Task prompt
Make a verbatim copy of the entries below; pictures stay out.

Exercise input
....

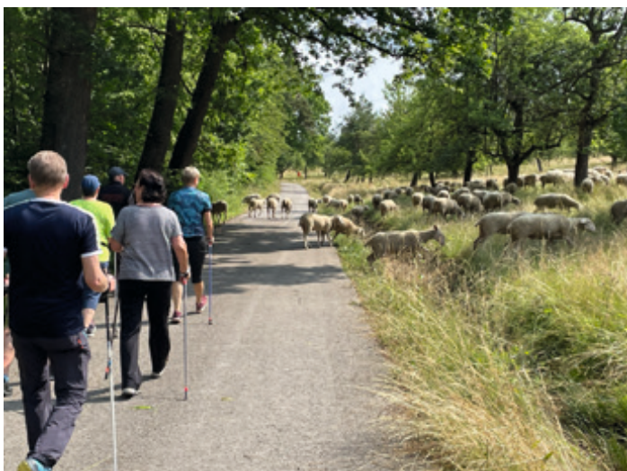
Was wären unsere Streuobstwiesen ohne unseren Schäfer mit seiner Herde. Idylle pur!
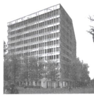
Inselspital BB6.1 Bern
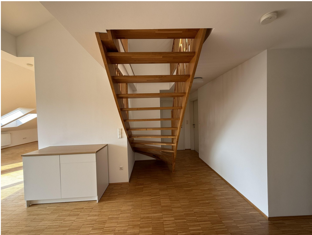
Eingangsbereich/ Stiege Galerie
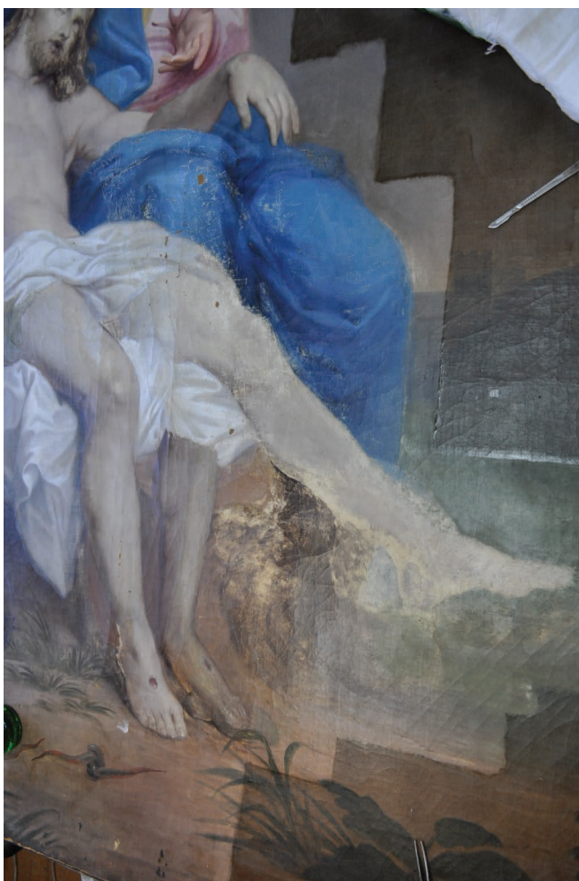
19. kép. Pietá, részletfotó restaurálás közben.
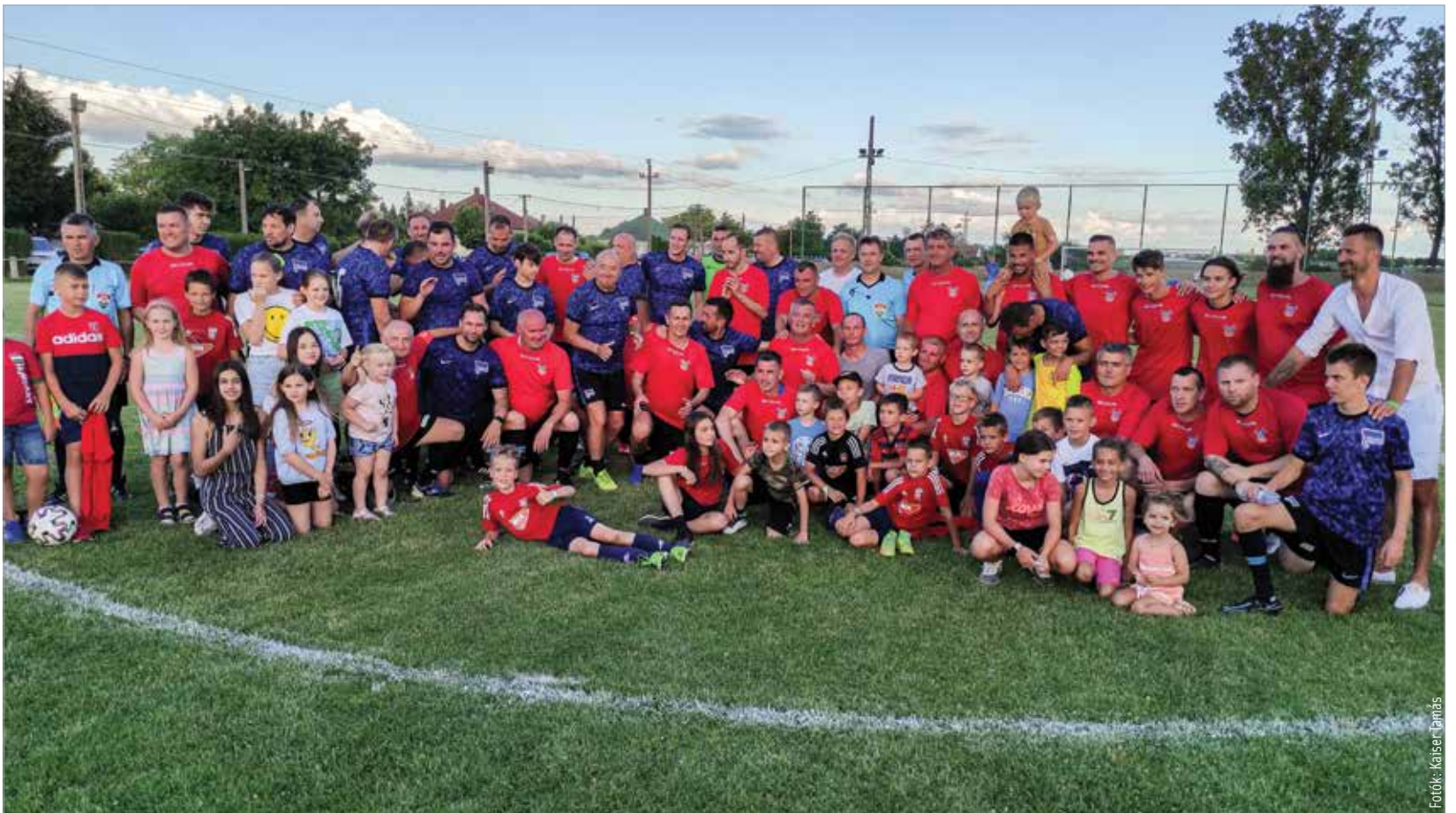
Ez egy olyan mérkőzés, melynek végén mindenki boldog!
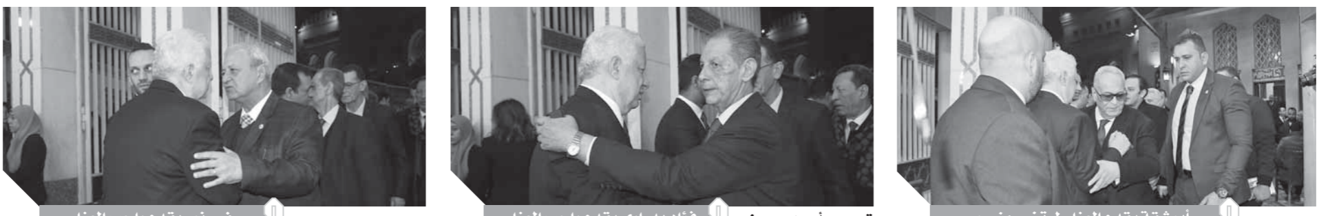
سفيرة ثور يقدم واجب العزاء
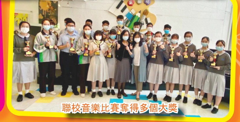
聯校音樂比賽奪得多個大獎
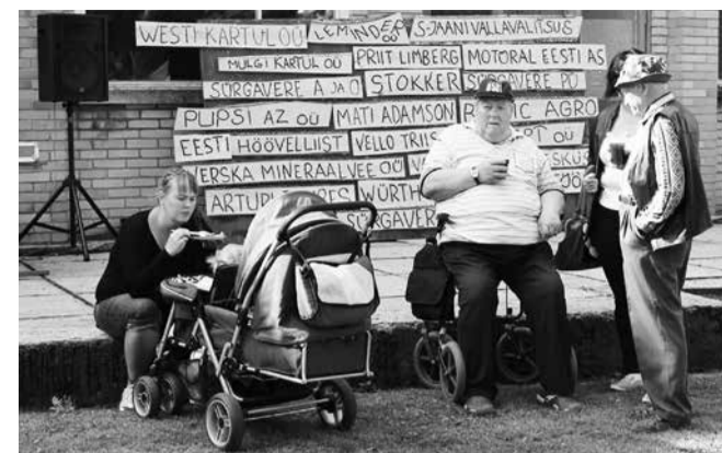
Laada toetajad on kõigile näha-teada.

....

Worked solution
Was wären unsere Streuobstwiesen ohne unseren Schäfer mit seiner Herde. Idylle pur!
Inselspital BB6.1 Bern
Eingangsbereich/ Stiege Galerie
19. kép. Pietá, részletfotó restaurálás közben.
Ez egy olyan mérkőzés, melynek végén mindenki boldog!
سفيرة ثور يقدم واجب العزاء
聯校音樂比賽奪得多個大獎
Laada toetajad on kõigile näha-teada.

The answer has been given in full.